The live view refreshes:
- target status
- completed task counts
- current score if available
- evidence coverage if available
- error counts
- console logs
- runner logs
The live controls are:

p cooperative pause after current task/episode
s pause and stop active process now
c clear pause flag
q return to the run menu
This makes the distinction explicit:
pis safe and resumablesis immediate and should be used when I need to shut down the machine or stop burning provider budget
Both paths preserve the run folder and any partial JSON that has already been written.
Why this matters for benchmark reliability
This TUI is not part of the core SRE-Zero benchmark score. It does not change the tasks, services, action space, rewards, or metrics.
But it matters for benchmark practice.
Without run management, it is too easy to lose track of:
- which model was run
- which tasks completed
- which outputs are partial
- which provider errors happened
- whether a result reflects model behavior or provider instability
- how to resume without rerunning completed tasks
The managed-run structure makes those details explicit.
Each target gets its own JSON and logs. Completed targets can be skipped on resume. Partial targets can continue from existing records. Runs can be inspected before turning them into plots, tables, or blog posts.
That is especially important because I am still treating SRE-Zero results as preliminary. The goal right now is to validate the benchmark design and tooling, not to publish final model rankings.
What this enables next
The TUI makes it easier to run evaluations in smaller, budget-aware batches.
For example, I can create one managed run with:
- random baseline
- scripted expert baseline
- open-source model targets
- frontier model targets
Then I can execute only one target today, pause cleanly, and continue tomorrow. If a provider becomes unstable, I can stop that target without deleting the whole run. If I need to add a model later, I can add it to the same run folder.

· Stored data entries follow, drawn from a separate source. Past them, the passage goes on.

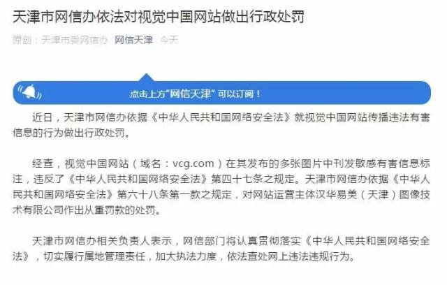 Visual China Group, which owns Chinese photo platform vcg.com, was fined 300,000 yuan ($44,758) for flawed supervision of user content, according to a company statement late Thursday.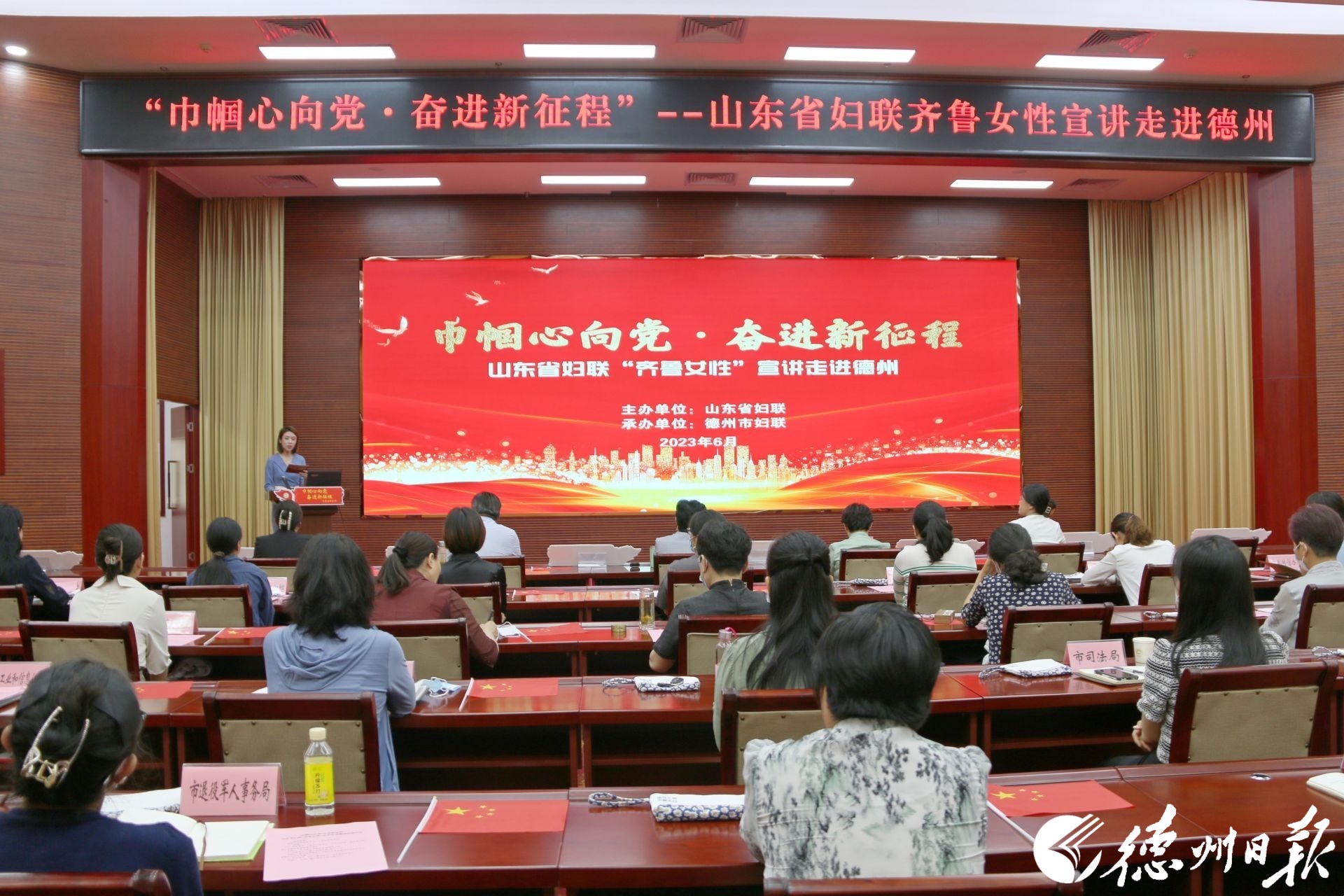 6月7日上午,“巾帼心向党·奋进新征程”山东省妇联“齐鲁女性”宣讲走进德州,深入贯彻落实党的二十大精神,扎实推进学习贯彻习近平新时代中国特色社会主义思想主题教育。在市会展中心二楼,市直机关企事业单位妇联主席(妇委会主任)80余人现场聆听宣讲。宣讲还通过山东广播电视台进行线上直播。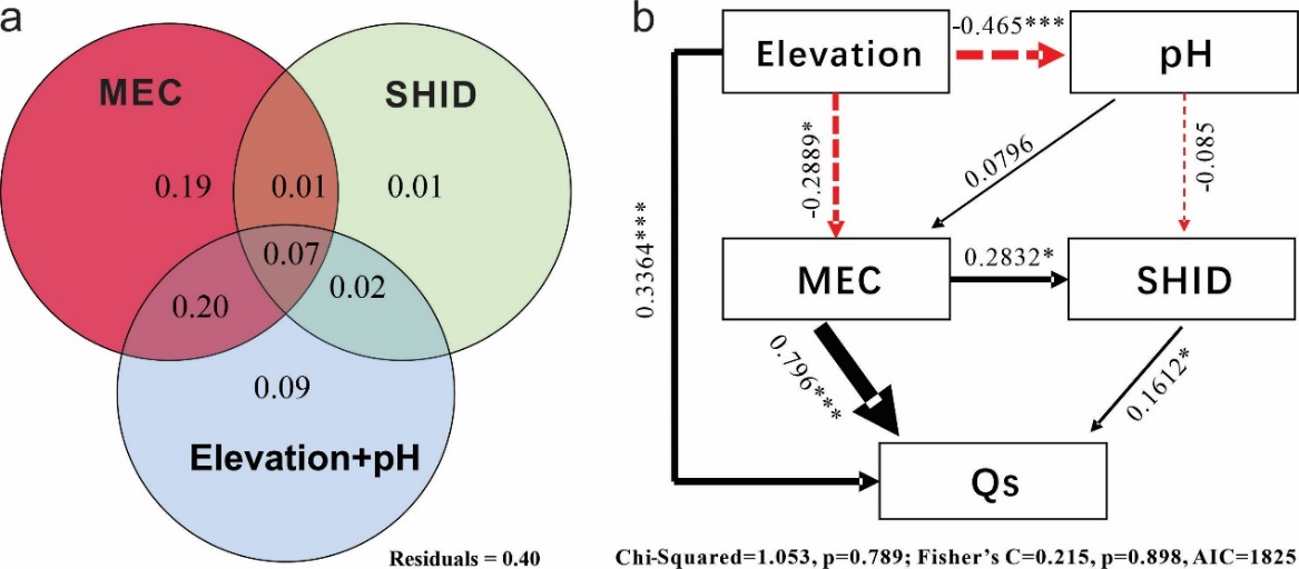 VPA分析證實MEC對Qs的影響最大,MEC可單獨解釋Qs變化的19%, MEC與環(huán)境因素(海拔和pH)結(jié)合可以共同解釋20%的Qs變異性(圖3a)。環(huán)境因素或SHID單獨對Qs變異的解釋能力相對較低,分別為9%和1%,而MEC、SHID和環(huán)境因素聯(lián)合可解釋60%的Qs變異性。SEM模型顯示海拔、MEC和SHID均對Qs具有正效應(yīng),其大小順序為MEC>海拔>SHID(圖3b)。
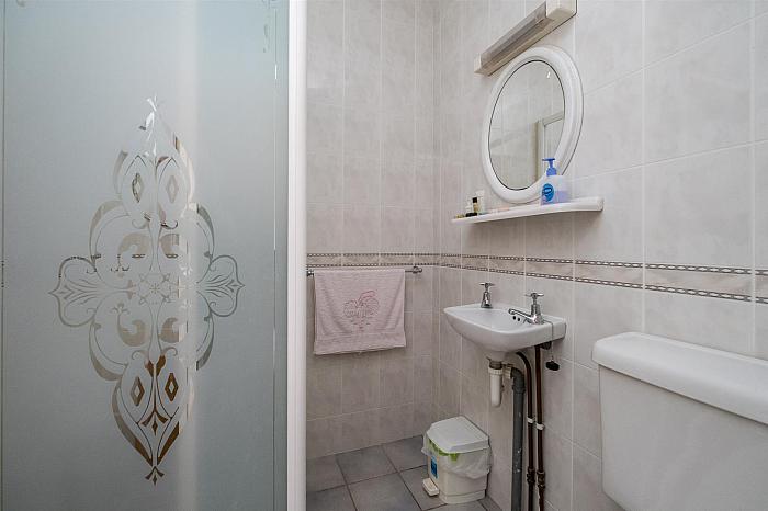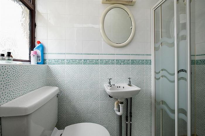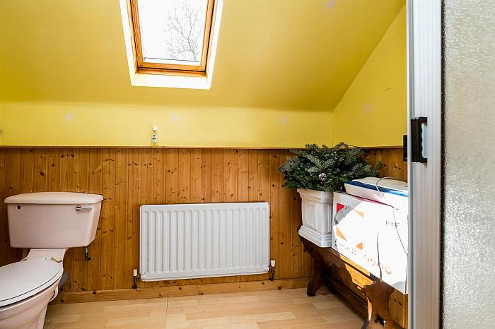 Pink suite; tiled shower cubicle with Redring 7X electric shower; corner opening shower doors and side panels; pedestal wash hand basin; close coupled wc; pine tongue and groove panelling to dado rail; wood laminate floor; Velux ceiling window; extractor fan.

This should make future result posts more reproducible:
- the command is stored
- the output JSON is stored
- the logs are stored
- the target summary is stored
- the combined summary can be rebuilt
That is a small but important step toward a benchmark that can support public technical reports instead of one-off screenshots.
Current status
SRE-Zero now has:
- 40 deterministic incident-response tasks
- 5 simulated services
- structured actions
- partial-credit rewards
- random and scripted baselines
- LLM baseline adapters
- provider retry and cooldown controls
- resumable evaluation JSONs
- a managed-run terminal UI
The next step is to use this harness to collect cleaner model runs under a more stable provider setup.
I am deliberately not treating every early sweep as a leaderboard. For now, the more important result is that the benchmark infrastructure is becoming reliable enough to support careful comparisons later.